Matrix nearness problems

Author

David Bindel

Published

October 15, 2025

Matrix nearness problems

A matrix nearness problem has the form \[ \mbox{minimize } \|X-A\| \mbox{ s.t.~} X \in \Omega \] or, equivalently, \[ \mbox{minimize } \|E\| \mbox{ s.t.~} A+E \in \Omega \] where \(\Omega\) is a set in matrix space (real or complex) and \(A\) is a target matrix. The most frequent choice of norms are the Frobenius norm and the operator 2-norm (aka the spectral norm). Depending on the context, one may be interested in simple bounds on the minimum value, an explicit formula or characterization for the minimum value, characterization of any \(X\) (or \(E\)) for which the minimum value is obtained, or an algorithm for computing or estimating either the minimum value \(\|E\|\) or an explicit minimizer \(E\).

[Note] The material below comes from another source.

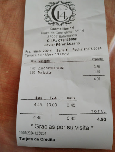 Poco después pedimos la cuenta para pagar con tarjeta. Cuando pago y echo un ojo a la cuenta me doy cuenta que nos han cobrado una tapa más. Nos cobran 5 tapas en lugar de las 4 que se habían pedido.
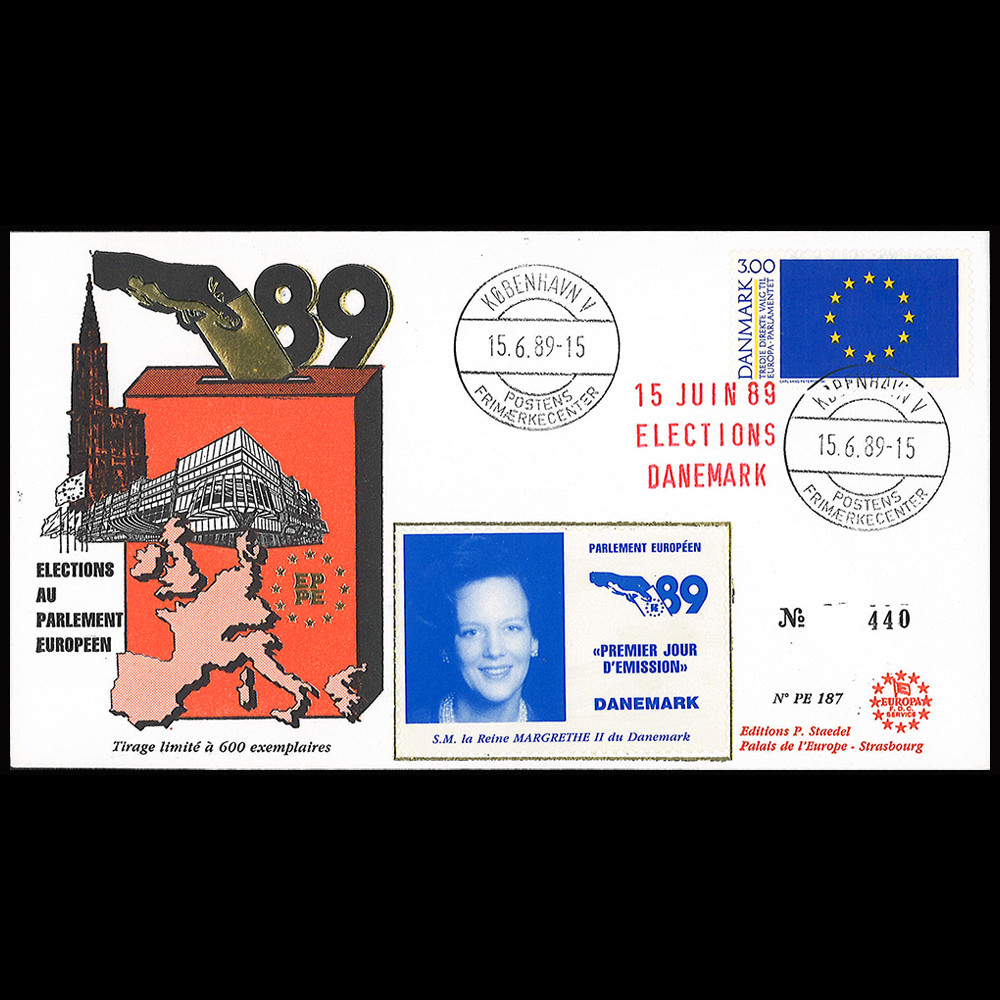 No. PE187: FDC DENMARK "1989 European Parliament Elections - HM Queen MARGRETHE II of Denmark"

Our treatment of matrix nearness problems is largely drawn from the excellent paper “Matrix nearness problems and applications” by Nick Higham, appearing in Applications of Matrix Theory (Oxford University Press, 1989).

Preliminaries

In most cases, the easiest norm to work with for matrix nearness problems is the Frobenius norm, for a few reasons:

  • The squared Frobenius norm is an inner product norm with respect to the Frobenius inner product, and is everywhere differentiable (in the real case), with \[ \delta \left[ \|A\|_F^2 \right] = 2 \langle \delta A, A \rangle_F = 2 \operatorname{tr}(A^T \delta A). \]

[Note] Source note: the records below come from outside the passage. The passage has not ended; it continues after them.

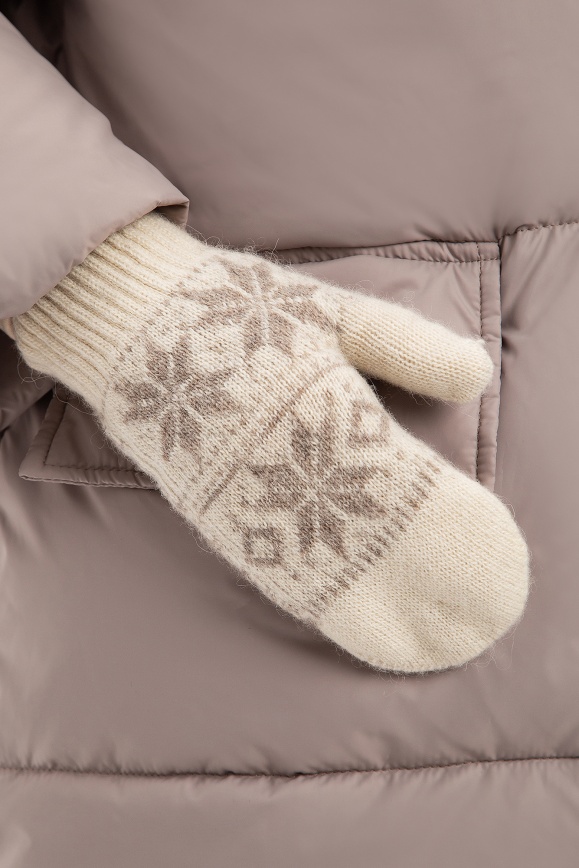 Варежки "Снежинка" белые из 100% шерсти верблюда
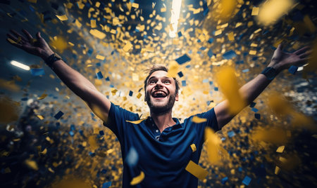 Soccer player celebrating the victory under confetti in crowded stadium, Generative AI
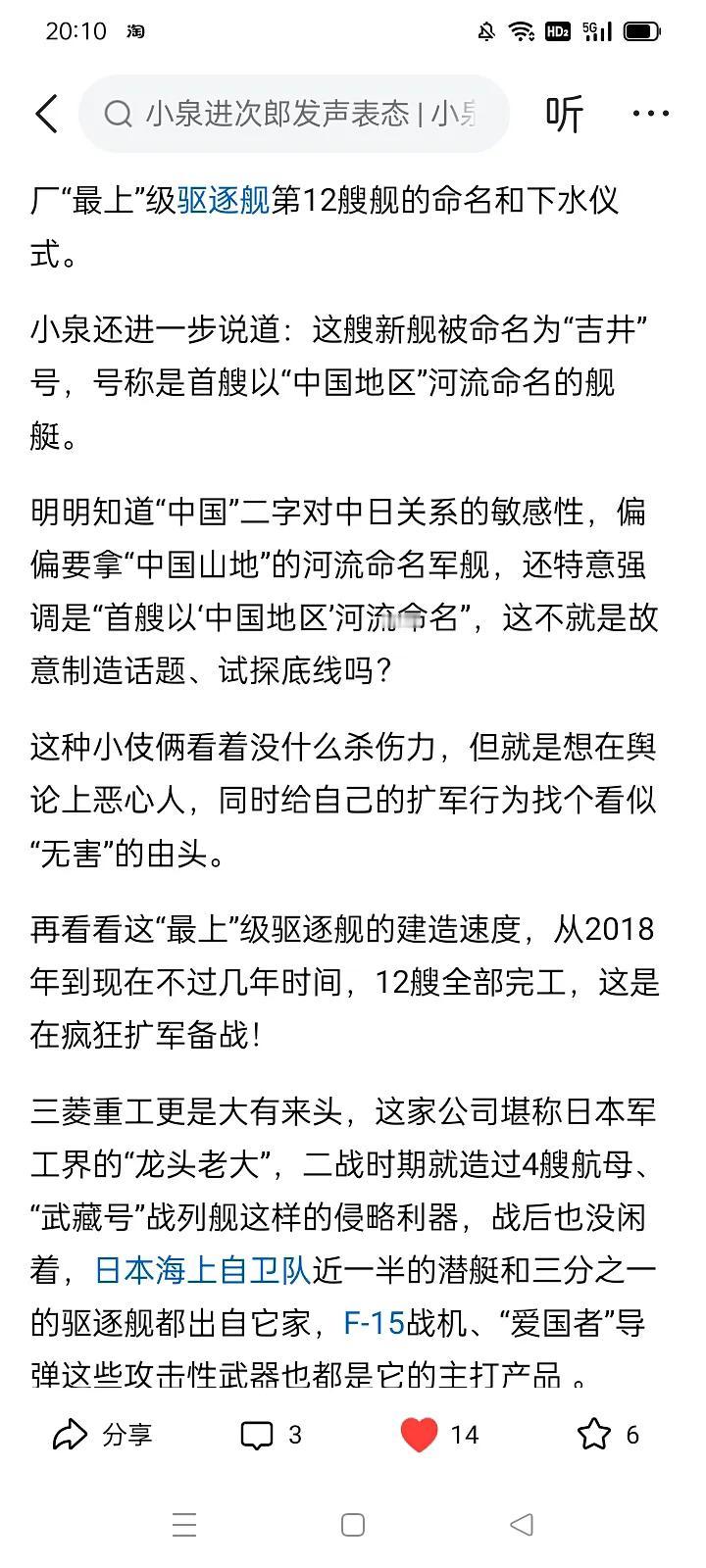 小泉进次郎是高市早苗的最大帮凶 中国可以制裁这两个‘军国主义分子’ 它(小泉进次郎)叫嚣说‘日本绝不会听从中国而收回高市讲话’。 它还说日本应该可以拥有核武器。 它刚参观了停泊在横须贺的美国核潜艇,日本执政的自民党正在谋求拥有核潜艇。 它还宣布日本已经拥有太空作战能力,要打击破坏敌对国家的卫星。 它还向全世界推销日本的护卫舰,据说最近下水的第12艘‘最上’护卫舰竟然极具侵略性地以中国的地名命名为吉井!
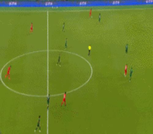 当然北京国安有他们特别虚弱的地方,就是他们的外援都在中路,两翼并没有给上海海港施加太多的压力。
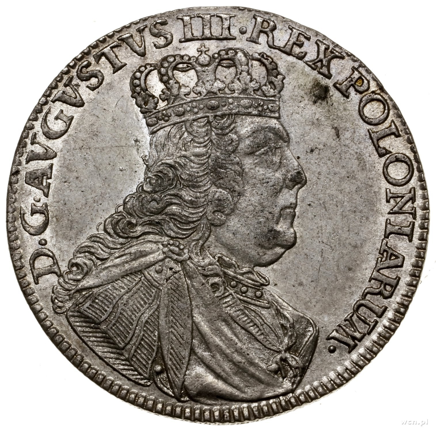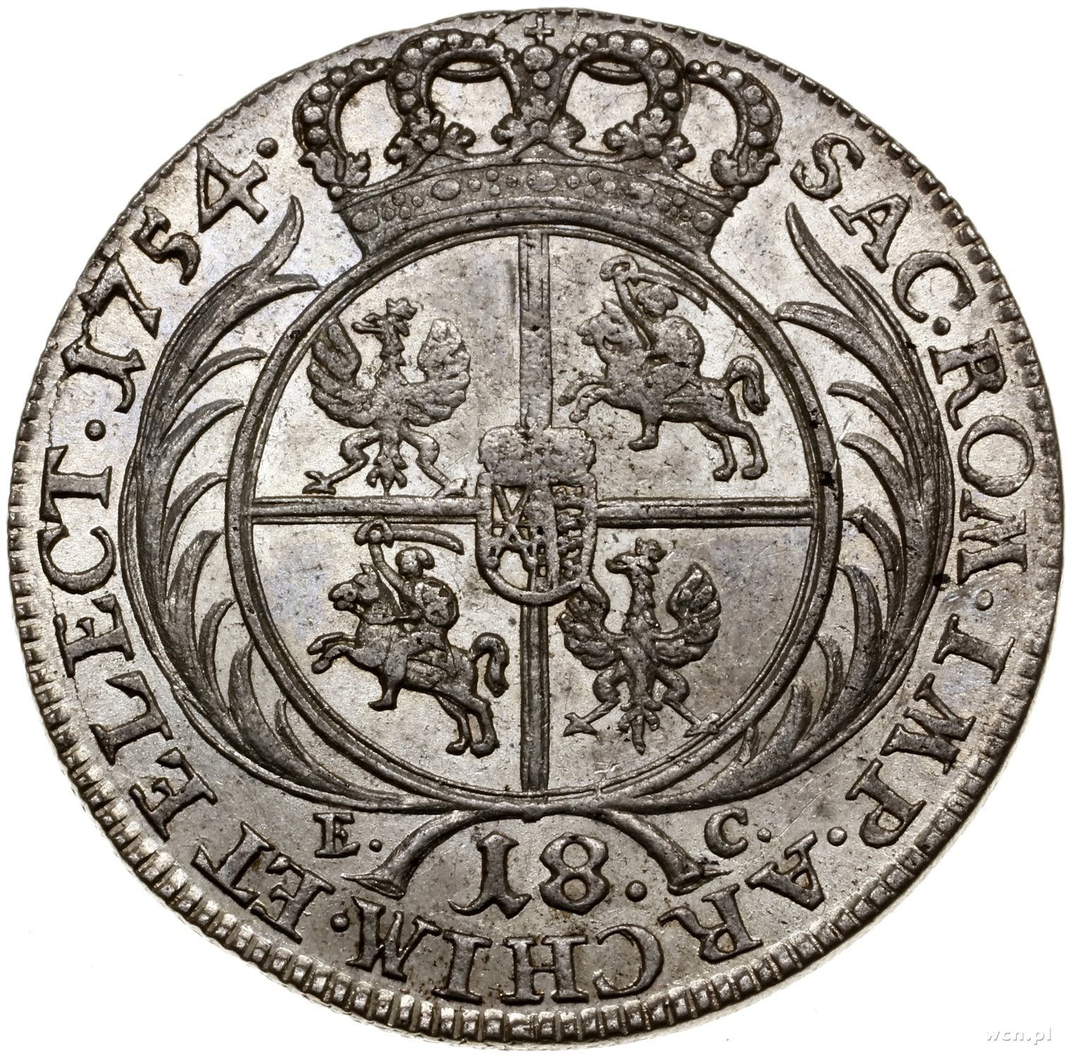 monety polsko-saskie, Ort, 1754 EC, Lipsk; wąskie popiersie z owalnym, żeberkowanym przekrojem naramiennika zbroi i odcięciem rękawa, twarz króla szczupła; Anuszczyk 54C.4.e, Kahnt 687 var. b, Kop. 2111, Merseb. 1779, Schön 20; piękny z ładnym połyskiem menniczym.
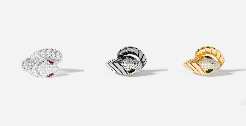 以蛇形环绕线条设计,适合日常热爱存在感强烈的珠宝女性选择,即使素净简约着装也能拥有强大的自信光采。

  • The Frobenius norm is strictly convex. All norms are convex by homogeneity together with the triangle inequality; that is, for \(0 \leq \alpha \leq 1\) we have \[ \|\alpha x + (1-\alpha) y\| \leq \alpha \|x\| + (1-\alpha) \|y\|. \] But for the Frobenius norm (and the vector 2-norm), we have strict inequality when \(x \neq y\) and \(0 < \alpha < 1\). Strict convexity allows us to get uniqueness results for the minimizer in the Frobenius norm in some cases where we do not have uniquess in other norms.

  • The Frobenius norm is unitarily invariant, i.e. \[ \|PAQ\|_F = \|A\|_F \] whenever \(P, Q\) are unitary matrices. This means in particular that we can use the SVD and related decompositions to simplify Frobenius-norm nearness problems, since if \(A = U \Sigma V^*\) is a singular value decomposition for \(A\), then \(\|A\|_F = \|\Sigma\|_F\).

One sometimes sees useful nearness results with respect to general unitarily invariant norms. The most common such norms are the Ky-Fan norms. The Ky-Fan \(p\) norms have the form \[ \|A\| = \|\sigma\|_p \] where \(\sigma\) is the vector of singular values of \(A\); the Frobenius norm and the spectral norm are the Ky-Fan 2-norm and the Ky-Fan \(\infty\)-norm, respectively. The Ky-Fan 1-norm (also called the nuclear norm) is also used in some applications. However, the spectral norm and the nuclear norm lack the differentiability and strict convexity of the Frobenius norm.

Symmetry

A warm-up case is the question of the nearest symmetric matrix. The space \(\mathbb{R}^{n \times n}\) of square matrices can be written as a direct sum of the \(n(n+1)/2\)-dimensional space of symmetric matrices (\(H=H^T\)) and the \(n(n-1)/2\)-dimensional space of skew matrix (\(K=-K^T\)). The two spaces are orthogonal to each other in the Frobenius inner product; and for any matrix \(A \in \mathbb{R}^{n \times n}\), there is a unique decomposition into a symmetric and a skew symmetric part: \[ A = A_H + A_K, \quad A_H = A_H^T, \quad A_K = -A_K^T \] where \(A_H = (A+A^T)/2\) and \(A_K = (A-A^T)/2\). The best symmetric approximation to \(A\) in the Frobenius norm is therefore \(A_H\), since the residual \(A_K\) is normal to the space of symmetric matrices. And by the Pythagorean theorem, \(\|A\|_F^2 = \|A_H\|_F^2 + \|A_K\|_F^2\), so \(\|A_K\|_F^2 = \|A-A_H\|_F^2 = \|A\|_F^2 - \|A_H\|_F^2\) is the distance from \(A\) to the closest symmetric matrix.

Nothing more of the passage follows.